*** Material supplied ***
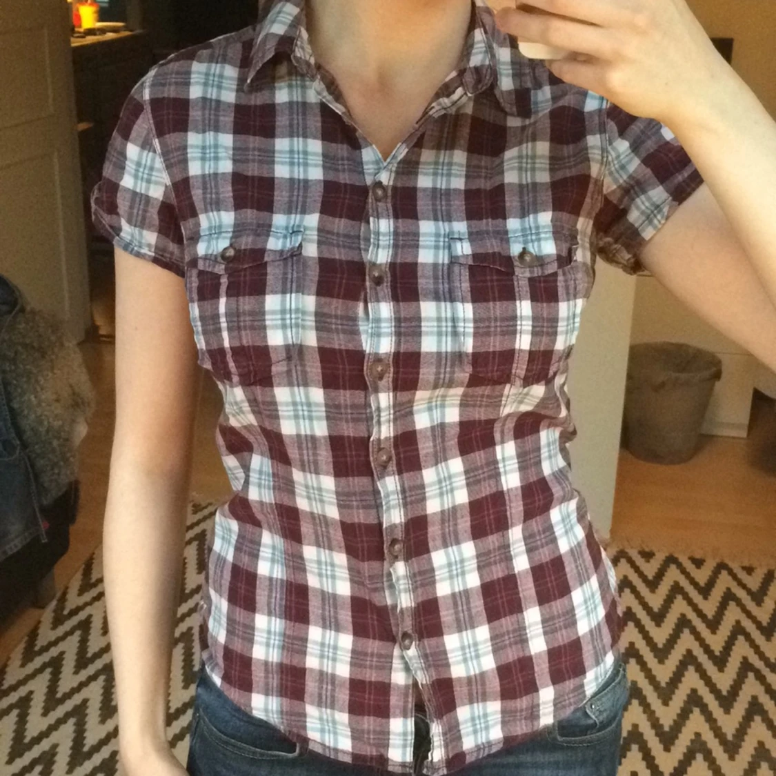 Kortärmad skjorta från HM L.O.G.G. Två fickor och ganska figursydd. Skön att ha på sig och fin till svarta byxor. Köparen betalar frakt!
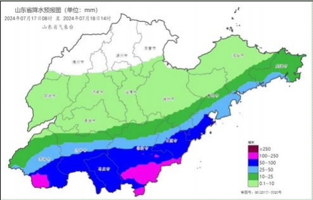 山东省气象台于7月17日09时00分发布暴雨黄色预警:受副高边缘暖湿气流和冷空气共同影响,15日下午至16日夜间,鲁中、鲁南和半岛的部分地区出现大到暴雨局部大暴雨,鲁西北地区出现小到中雨局部大雨。
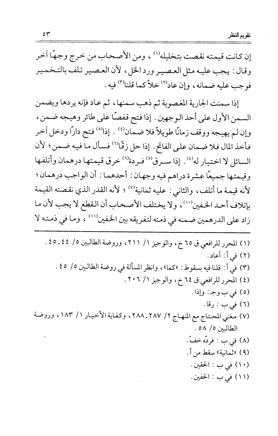 إِذا سمنت الْجَارِيَة الْمَغْصُوبَة ثمَّ ذهب سمنها، ثمَّ عَاد فَإِنَّهُ يردهَا وَيضمن السّمن الأول على أحد الْوَجْهَيْنِ. إِذا فتح قفصا على طَائِر وهيجه ضمن، وَإِن لم يهيجه ووقف زَمَانا طَويلا فَلَا ضَمَان. إِذا فتح دَارا وَدخل آخر فَأخذ المَال فَلَا ضَمَان على الفاتح. إِذا حل زقا فَسَأَلَ مَا فِيهِ ضمن؛ لِأَن السَّائِل لَا اخْتِيَار لَهُ. إِذا سرق فردة خرق قيمتهَا دِرْهَمَانِ وأتلفها وَقيمتهَا جَمِيعًا عشرَة دَرَاهِم فِيهِ وَجْهَان: أَحدهمَا: أَن الْوَاجِب دِرْهَمَانِ؛ لِأَنَّهُ قيمَة مَا أتلف، وَالثَّانِي: عَلَيْهِ ثَمَانِيَة؛ لِأَنَّهُ الْقدر الَّذِي نقصته الْقيمَة بِإِتْلَاف أحد الْخُفَّيْنِ، وَلَا يخْتَلف الْأَصْحَاب أَن الْقطع لَا يجب لِأَن مَا زَاد على الدرهمين ضمنه فِي ذمَّته لتفريقه بَين الْخُفَّيْنِ، وَمَا فِي ذمَّته لَا
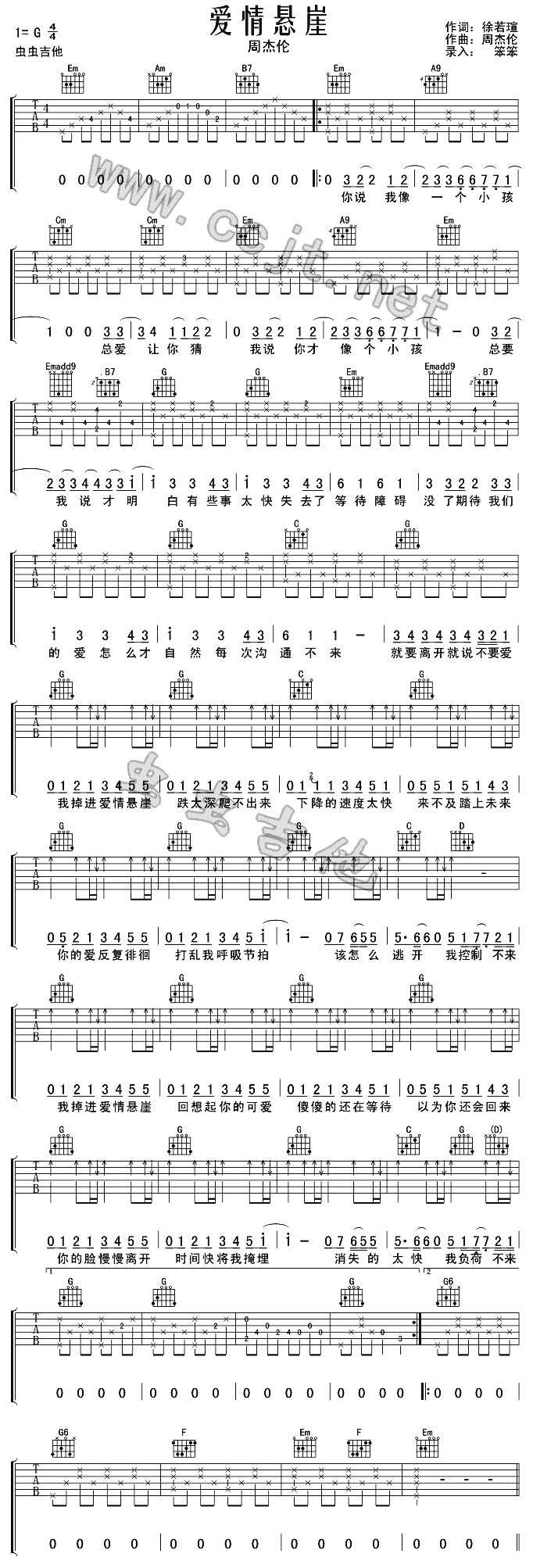[吉他谱]爱情悬崖 周杰伦
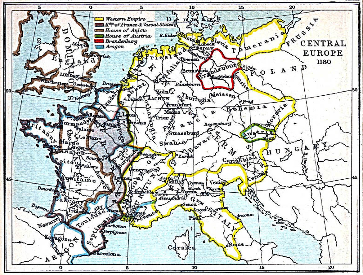 Europa Central 1180 A.D. Histórico Europa "Atlas to Freemans Historical Geography", editado por J.B. Bury, Longmans Green and Co. Tercera edición 1903 Europa Central 1180 A.D.
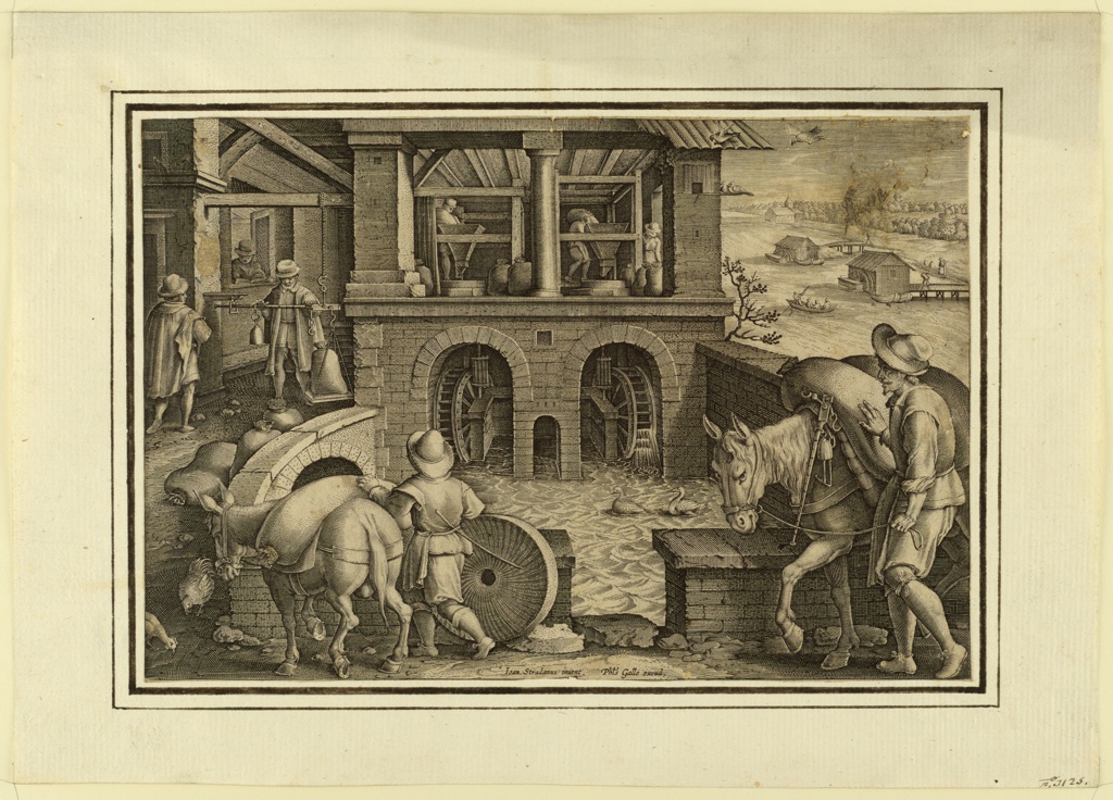 Print, A water mill; Designed by Jan van der Straet, called Stradanus (Flemish, 1523–1605); Engraved by Philips Galle (Flemish, 1537 - 1612), Hans Collaert II (Flemish, 1560 - 1628); Netherlands; engraving on paper; 18.5 × 27.2 cm (7 5/16 × 10 11/16 in.); Museum purchase through gift of various donors and from Eleanor G. Hewitt Fund; 1938-88-8431
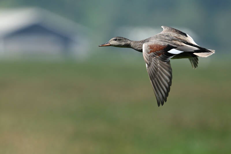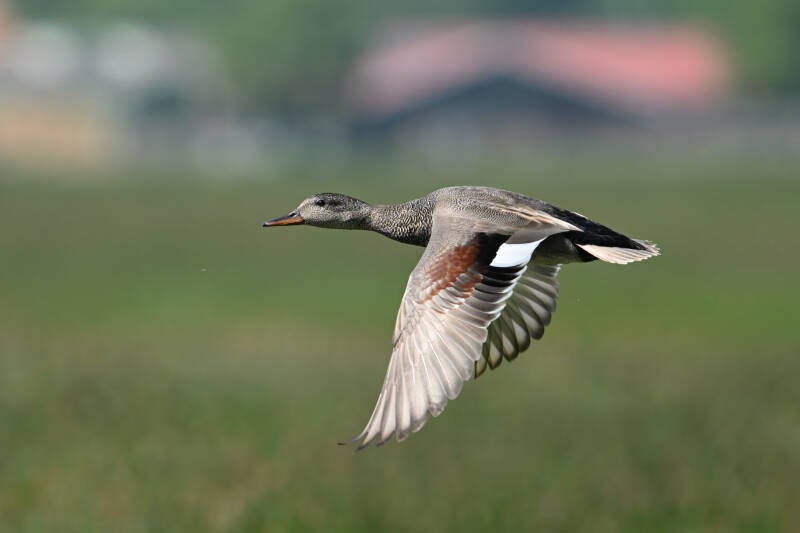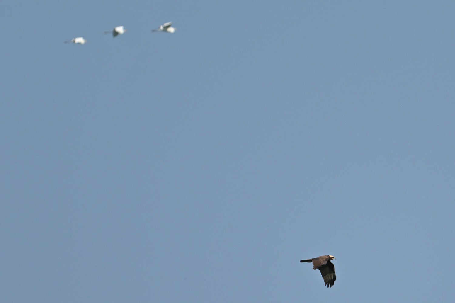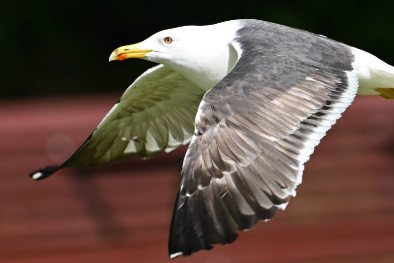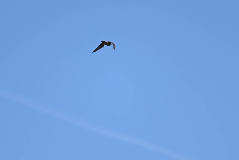 Eenmaal stuift hij op de harde wind redelijk laag voorbij :
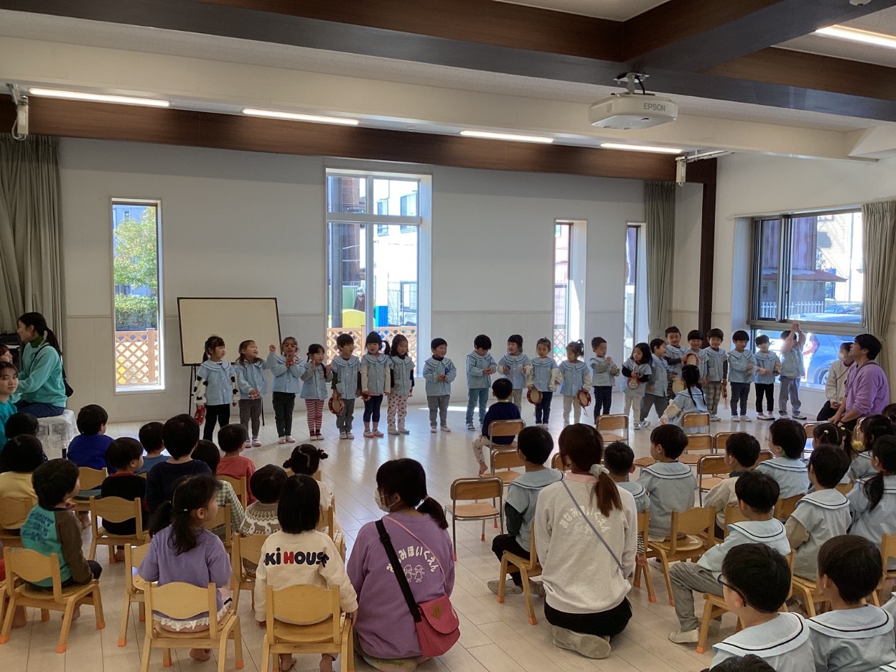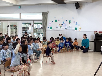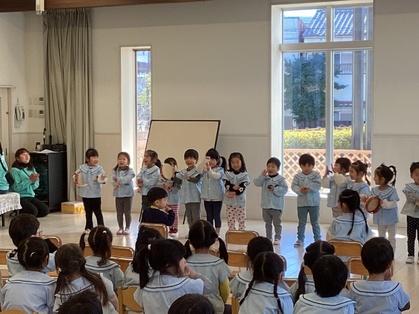 元気な歌声と共に『ゆきだるまのチャチャチャ』を演奏してくれました。チャチャチャ♪の歌詞に合わせて手拍子をしている子もいましたよ。
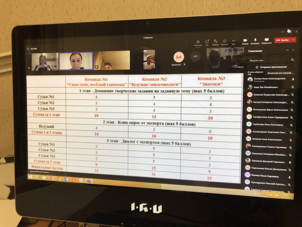 Команды подготовили домашнее задание на темы: «Что произойдет с миром, если исчезнут микробиологические лаборатории?», «Зачем в медицине нужны клинико-диагностические лаборатории?», «Как можно оценить здоровье человека?», а Владимир Викторович и жюри оценивали качество подготовленных командами выступлений. В этом этапе в жюри приняли участие выпускники факультета 2022 года – Дарья Винокурова и Анна Исакова.
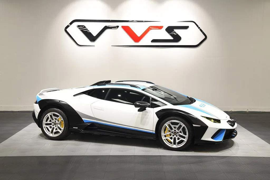 A 2024 Lamborghini Huracán Sterrato with 750 miles, finished in Bianco Monocerus over a Nero Ade Alcantara and leather interior with Blu Cepheus contrast stitching. The Sterrato represents the final naturally-aspirated evolution of the Huracán platform — a raised, rally-inspired V10 supercar built in limited numbers before the marque's move to hybridisation, making low-mileage UK examples genuinely scarce.
***
Word for word, repeat each record above; leave out every picture.

 Kortärmad skjorta från HM L.O.G.G. Två fickor och ganska figursydd. Skön att ha på sig och fin till svarta byxor. Köparen betalar frakt!
 山东省气象台于7月17日09时00分发布暴雨黄色预警:受副高边缘暖湿气流和冷空气共同影响,15日下午至16日夜间,鲁中、鲁南和半岛的部分地区出现大到暴雨局部大暴雨,鲁西北地区出现小到中雨局部大雨。
 إِذا سمنت الْجَارِيَة الْمَغْصُوبَة ثمَّ ذهب سمنها، ثمَّ عَاد فَإِنَّهُ يردهَا وَيضمن السّمن الأول على أحد الْوَجْهَيْنِ. إِذا فتح قفصا على طَائِر وهيجه ضمن، وَإِن لم يهيجه ووقف زَمَانا طَويلا فَلَا ضَمَان. إِذا فتح دَارا وَدخل آخر فَأخذ المَال فَلَا ضَمَان على الفاتح. إِذا حل زقا فَسَأَلَ مَا فِيهِ ضمن؛ لِأَن السَّائِل لَا اخْتِيَار لَهُ. إِذا سرق فردة خرق قيمتهَا دِرْهَمَانِ وأتلفها وَقيمتهَا جَمِيعًا عشرَة دَرَاهِم فِيهِ وَجْهَان: أَحدهمَا: أَن الْوَاجِب دِرْهَمَانِ؛ لِأَنَّهُ قيمَة مَا أتلف، وَالثَّانِي: عَلَيْهِ ثَمَانِيَة؛ لِأَنَّهُ الْقدر الَّذِي نقصته الْقيمَة بِإِتْلَاف أحد الْخُفَّيْنِ، وَلَا يخْتَلف الْأَصْحَاب أَن الْقطع لَا يجب لِأَن مَا زَاد على الدرهمين ضمنه فِي ذمَّته لتفريقه بَين الْخُفَّيْنِ، وَمَا فِي ذمَّته لَا
[吉他谱]爱情悬崖 周杰伦
 Europa Central 1180 A.D. Histórico Europa "Atlas to Freemans Historical Geography", editado por J.B. Bury, Longmans Green and Co. Tercera edición 1903 Europa Central 1180 A.D.
 Print, A water mill; Designed by Jan van der Straet, called Stradanus (Flemish, 1523–1605); Engraved by Philips Galle (Flemish, 1537 - 1612), Hans Collaert II (Flemish, 1560 - 1628); Netherlands; engraving on paper; 18.5 × 27.2 cm (7 5/16 × 10 11/16 in.); Museum purchase through gift of various donors and from Eleanor G. Hewitt Fund; 1938-88-8431
 Eenmaal stuift hij op de harde wind redelijk laag voorbij :
 元気な歌声と共に『ゆきだるまのチャチャチャ』を演奏してくれました。チャチャチャ♪の歌詞に合わせて手拍子をしている子もいましたよ。
 Команды подготовили домашнее задание на темы: «Что произойдет с миром, если исчезнут микробиологические лаборатории?», «Зачем в медицине нужны клинико-диагностические лаборатории?», «Как можно оценить здоровье человека?», а Владимир Викторович и жюри оценивали качество подготовленных командами выступлений. В этом этапе в жюри приняли участие выпускники факультета 2022 года – Дарья Винокурова и Анна Исакова.
 A 2024 Lamborghini Huracán Sterrato with 750 miles, finished in Bianco Monocerus over a Nero Ade Alcantara and leather interior with Blu Cepheus contrast stitching. The Sterrato represents the final naturally-aspirated evolution of the Huracán platform — a raised, rally-inspired V10 supercar built in limited numbers before the marque's move to hybridisation, making low-mileage UK examples genuinely scarce.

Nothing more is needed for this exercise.